# hes not enjoying it



## princess82 (Aug 28, 2010)

hello.my husband and i have been married for 6 months,though we dont live together in the sam country.he lives in uk and i live in lebanon,and ilm waiting for my visa.the first time he came we had great time 2gether without intercourse(i had my period).the second time he came,he was duying for sex,he enjoyed the first day but the other 10 days he didnt like at all and i was going to get dovorced coz of that.then after he went back to uk he felt guilty and stuff and promised to make it up wen he comes back.the third time he came,first night was more than amazing but only the first nit,on the third day we wanted to leave saying that we dont match and that he doesnt feel comfortable with me coz i am big as in almost his size..wat do u think i shud do?help me please


----------



## greeneyeddolphin (May 31, 2010)

well, if you are not comfortable with your size, you could try working out and losing weight. But, if you are happy with yourself as you are, then the best thing to do is let him go. You deserve to be with someone who is happy with and loves you as you are. Not to mention that from what you describe, it sounds like sex is the only thing he's thinking of, and that's not a good thing to base a marriage on. While sex is an important part of a marriage, or any romantic relationship, it is just that: a part. It's not the whole thing, and certainly not the most important thing. Two people truly in love have much more in common than just sex, enough that could sustain the relationship even if they couldn't have sex anymore for some reason.

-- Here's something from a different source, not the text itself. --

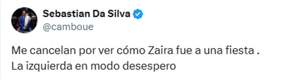 - Defensa en redes: «Me cancelan por ver cómo Zaira fue a una fiesta. La izquierda en modo desespero», disparó el senador desde su cuenta oficial [@camboue].

Also...was this some kind of arranged marriage or something? The way you describe his visits, it sounds like you two met the first time he came to see you, and that if not for your period, you would have had sex then. I think you might want to seriously consider why you married this guy and if it's really worth it.


----------



## princess82 (Aug 28, 2010)

thanks for ur advice,well it wasnt an arranged marriage,we met thru the internet than got married..i see that ur right,but wen i confonted him with that issue he said it a matter of preferance.i'm really confused,i love him so much and i have other common points with him(else then sex).and yea sex is a big issue to him:S.i still dunno wat to do


----------